Look below for the line containing "Avastage mänguline WOOPIE" and the line containing "議員林政賢質詢時,除了提出南", then set down both and every line between them exactly, without pictures.

Collected data entries »
*-*-*

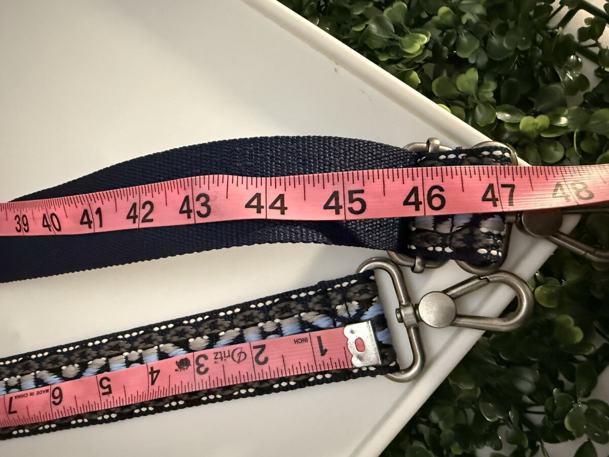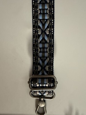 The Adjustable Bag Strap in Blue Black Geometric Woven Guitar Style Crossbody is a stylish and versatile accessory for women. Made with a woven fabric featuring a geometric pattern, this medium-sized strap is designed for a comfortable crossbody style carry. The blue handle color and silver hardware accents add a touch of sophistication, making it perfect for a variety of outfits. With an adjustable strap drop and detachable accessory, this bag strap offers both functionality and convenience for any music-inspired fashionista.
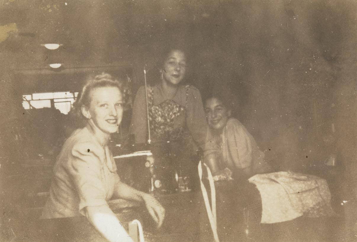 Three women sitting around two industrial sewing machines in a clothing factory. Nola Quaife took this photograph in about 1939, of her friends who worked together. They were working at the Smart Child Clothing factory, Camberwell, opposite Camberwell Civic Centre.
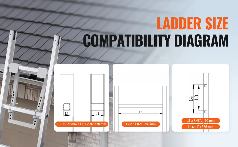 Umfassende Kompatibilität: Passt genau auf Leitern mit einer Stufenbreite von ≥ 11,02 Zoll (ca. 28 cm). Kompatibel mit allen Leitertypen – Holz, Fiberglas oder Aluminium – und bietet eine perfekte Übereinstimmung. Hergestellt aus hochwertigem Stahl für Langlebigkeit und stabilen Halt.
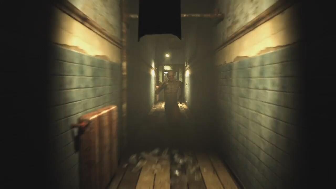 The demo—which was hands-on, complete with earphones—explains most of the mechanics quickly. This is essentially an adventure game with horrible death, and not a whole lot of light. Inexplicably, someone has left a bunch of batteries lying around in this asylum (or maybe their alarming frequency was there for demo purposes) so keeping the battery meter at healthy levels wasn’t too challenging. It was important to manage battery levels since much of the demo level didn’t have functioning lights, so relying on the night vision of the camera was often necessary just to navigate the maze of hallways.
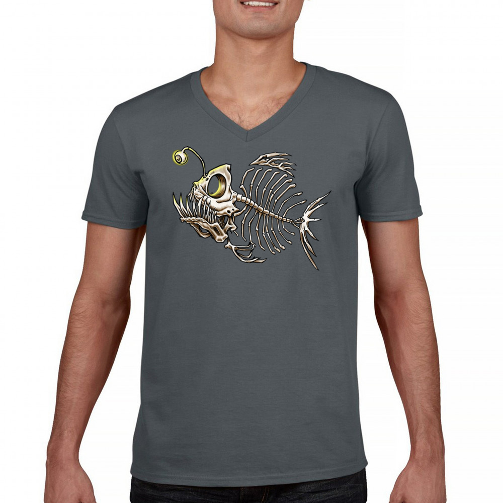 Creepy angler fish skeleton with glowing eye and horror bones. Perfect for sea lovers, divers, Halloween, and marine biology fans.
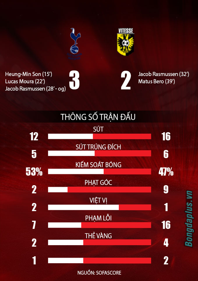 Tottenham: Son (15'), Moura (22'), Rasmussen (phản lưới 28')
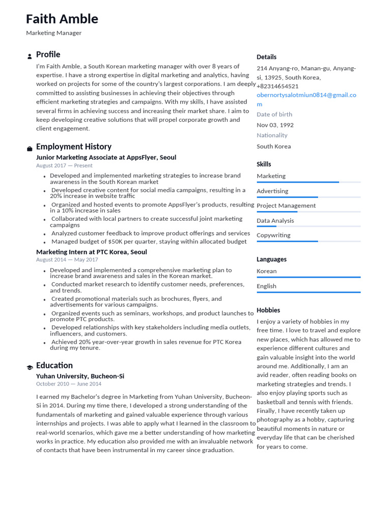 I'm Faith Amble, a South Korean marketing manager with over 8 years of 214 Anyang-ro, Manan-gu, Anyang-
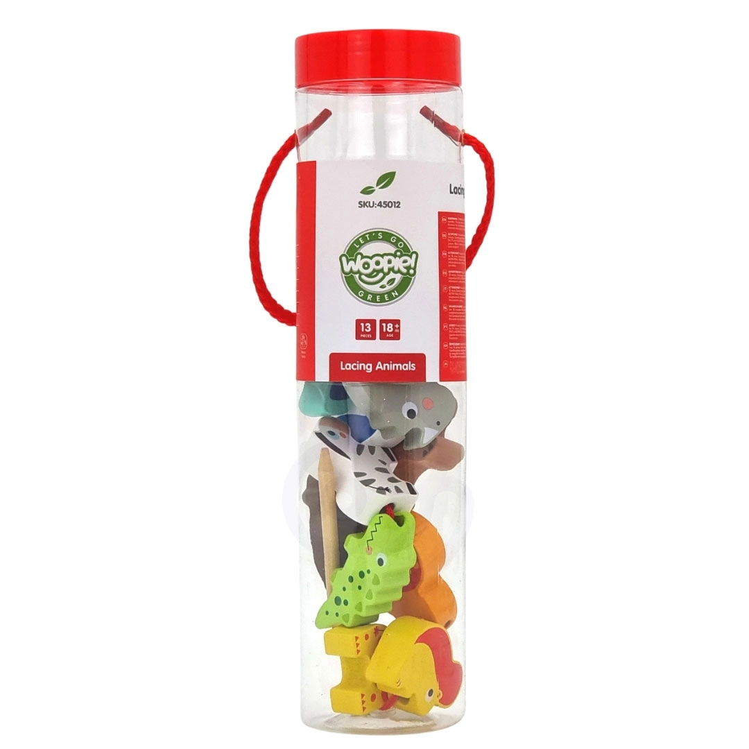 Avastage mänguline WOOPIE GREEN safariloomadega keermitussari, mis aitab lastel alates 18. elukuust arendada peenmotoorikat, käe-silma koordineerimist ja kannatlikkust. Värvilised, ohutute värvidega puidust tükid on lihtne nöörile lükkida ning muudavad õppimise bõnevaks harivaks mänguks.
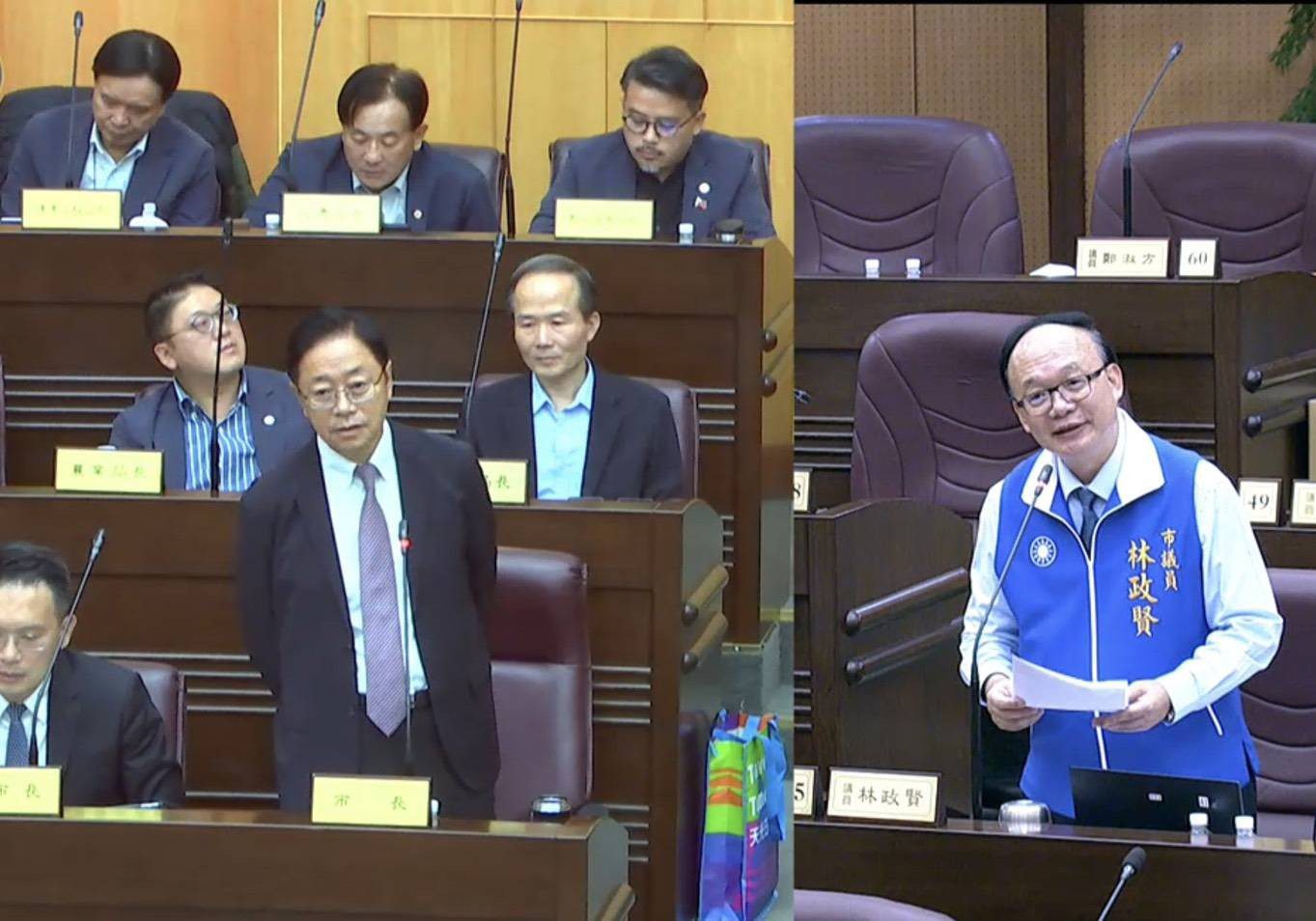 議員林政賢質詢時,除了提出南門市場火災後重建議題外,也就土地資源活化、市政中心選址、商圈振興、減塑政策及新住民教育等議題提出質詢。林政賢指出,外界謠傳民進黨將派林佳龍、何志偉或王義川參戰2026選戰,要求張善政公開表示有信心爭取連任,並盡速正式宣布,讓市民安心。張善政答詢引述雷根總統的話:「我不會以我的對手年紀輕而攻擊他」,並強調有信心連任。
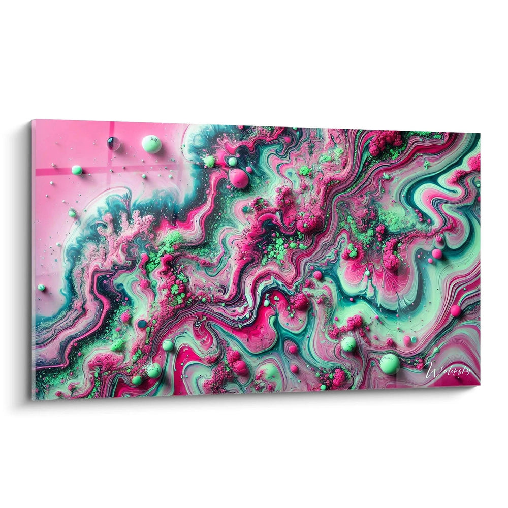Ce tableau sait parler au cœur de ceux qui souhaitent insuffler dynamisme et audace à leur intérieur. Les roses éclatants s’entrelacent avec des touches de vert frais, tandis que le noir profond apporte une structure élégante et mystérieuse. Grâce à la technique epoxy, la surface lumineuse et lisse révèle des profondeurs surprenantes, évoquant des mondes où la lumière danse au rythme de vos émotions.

*-*-*

ANSWER BOX »
 Avastage mänguline WOOPIE GREEN safariloomadega keermitussari, mis aitab lastel alates 18. elukuust arendada peenmotoorikat, käe-silma koordineerimist ja kannatlikkust. Värvilised, ohutute värvidega puidust tükid on lihtne nöörile lükkida ning muudavad õppimise bõnevaks harivaks mänguks.
 議員林政賢質詢時,除了提出南門市場火災後重建議題外,也就土地資源活化、市政中心選址、商圈振興、減塑政策及新住民教育等議題提出質詢。林政賢指出,外界謠傳民進黨將派林佳龍、何志偉或王義川參戰2026選戰,要求張善政公開表示有信心爭取連任,並盡速正式宣布,讓市民安心。張善政答詢引述雷根總統的話:「我不會以我的對手年紀輕而攻擊他」,並強調有信心連任。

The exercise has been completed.